_Raw data_
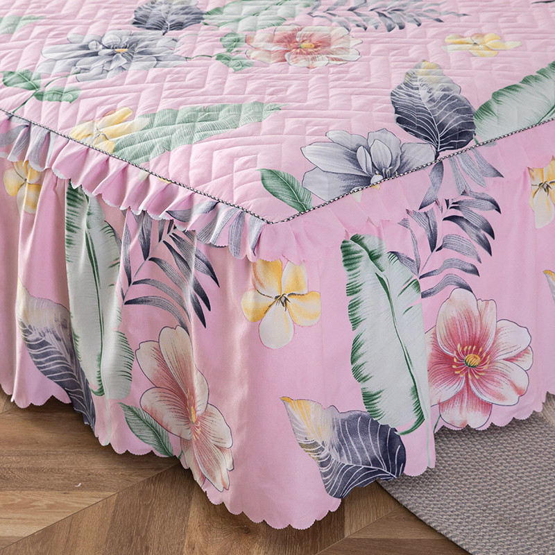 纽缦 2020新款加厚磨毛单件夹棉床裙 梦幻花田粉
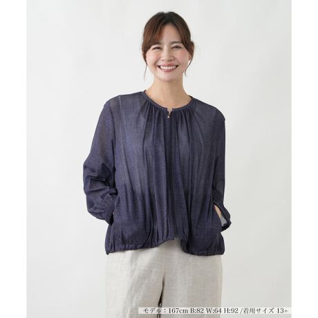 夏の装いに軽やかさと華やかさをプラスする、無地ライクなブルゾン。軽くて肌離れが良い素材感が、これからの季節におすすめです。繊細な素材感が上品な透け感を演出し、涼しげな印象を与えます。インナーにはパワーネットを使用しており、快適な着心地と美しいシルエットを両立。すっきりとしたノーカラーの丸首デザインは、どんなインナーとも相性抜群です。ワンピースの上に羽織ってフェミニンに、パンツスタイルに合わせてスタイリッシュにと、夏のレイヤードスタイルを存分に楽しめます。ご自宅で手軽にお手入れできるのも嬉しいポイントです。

---

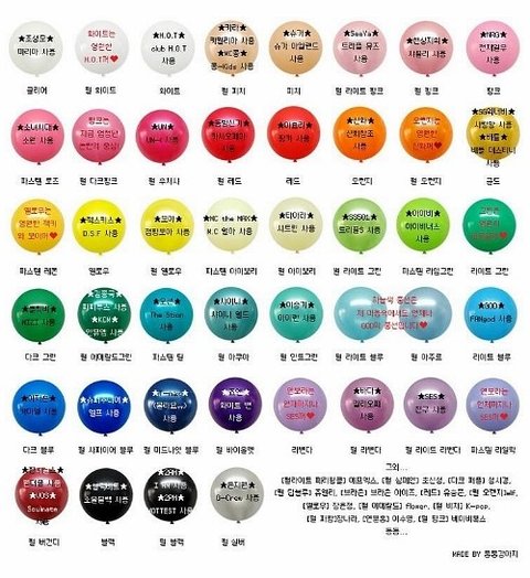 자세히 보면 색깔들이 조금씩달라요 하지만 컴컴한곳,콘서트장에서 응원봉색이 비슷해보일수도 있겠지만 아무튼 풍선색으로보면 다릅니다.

* * *

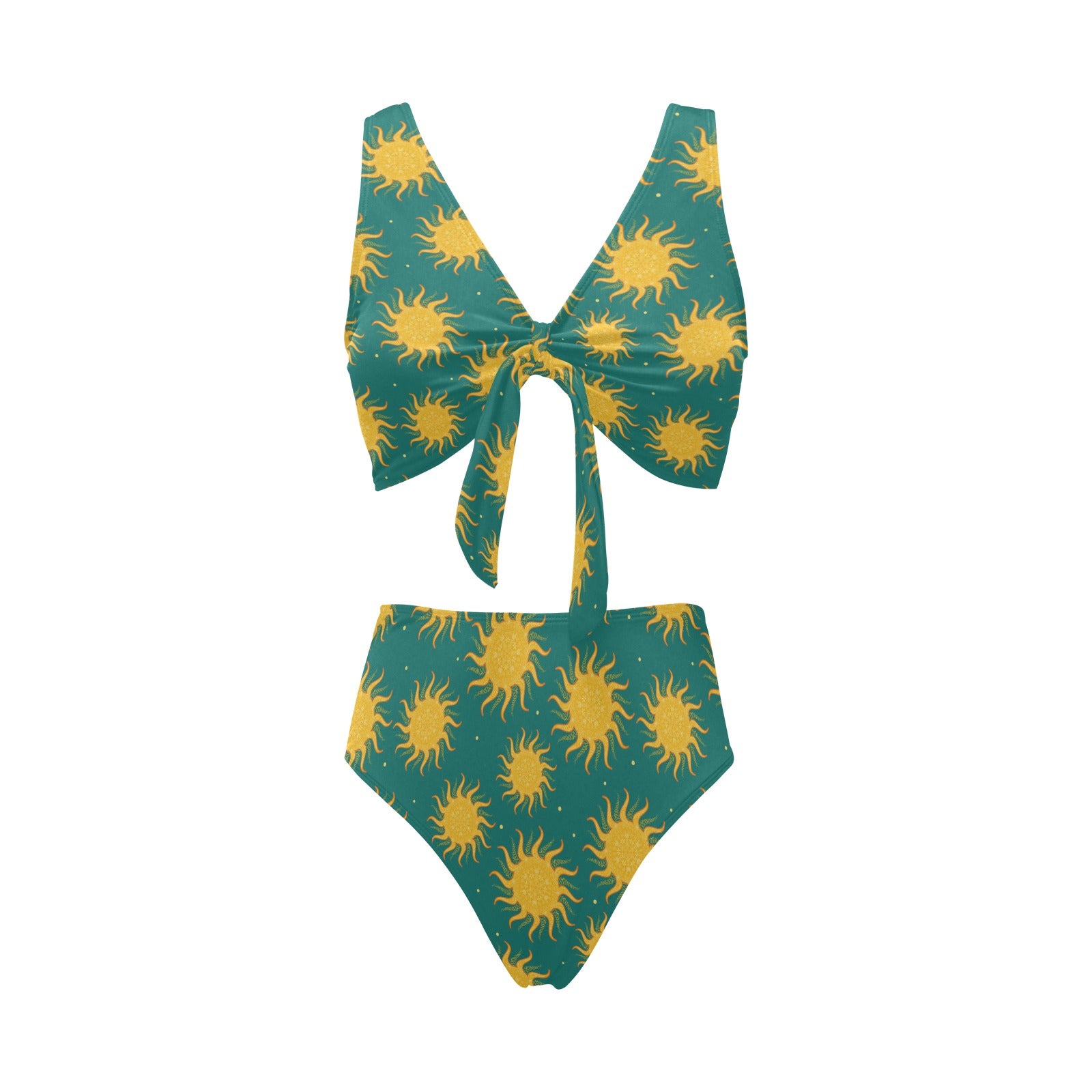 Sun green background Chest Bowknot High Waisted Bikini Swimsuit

_Brief_
Word for word, repeat the lines above from the one with "纽缦 2020新款加厚磨毛单件夹棉床裙 梦幻花田粉" through the one with "夏の装いに軽やかさと華やかさ", and nothing beyond them. Omit the pictures.

_Answer area_
 纽缦 2020新款加厚磨毛单件夹棉床裙 梦幻花田粉
 夏の装いに軽やかさと華やかさをプラスする、無地ライクなブルゾン。軽くて肌離れが良い素材感が、これからの季節におすすめです。繊細な素材感が上品な透け感を演出し、涼しげな印象を与えます。インナーにはパワーネットを使用しており、快適な着心地と美しいシルエットを両立。すっきりとしたノーカラーの丸首デザインは、どんなインナーとも相性抜群です。ワンピースの上に羽織ってフェミニンに、パンツスタイルに合わせてスタイリッシュにと、夏のレイヤードスタイルを存分に楽しめます。ご自宅で手軽にお手入れできるのも嬉しいポイントです。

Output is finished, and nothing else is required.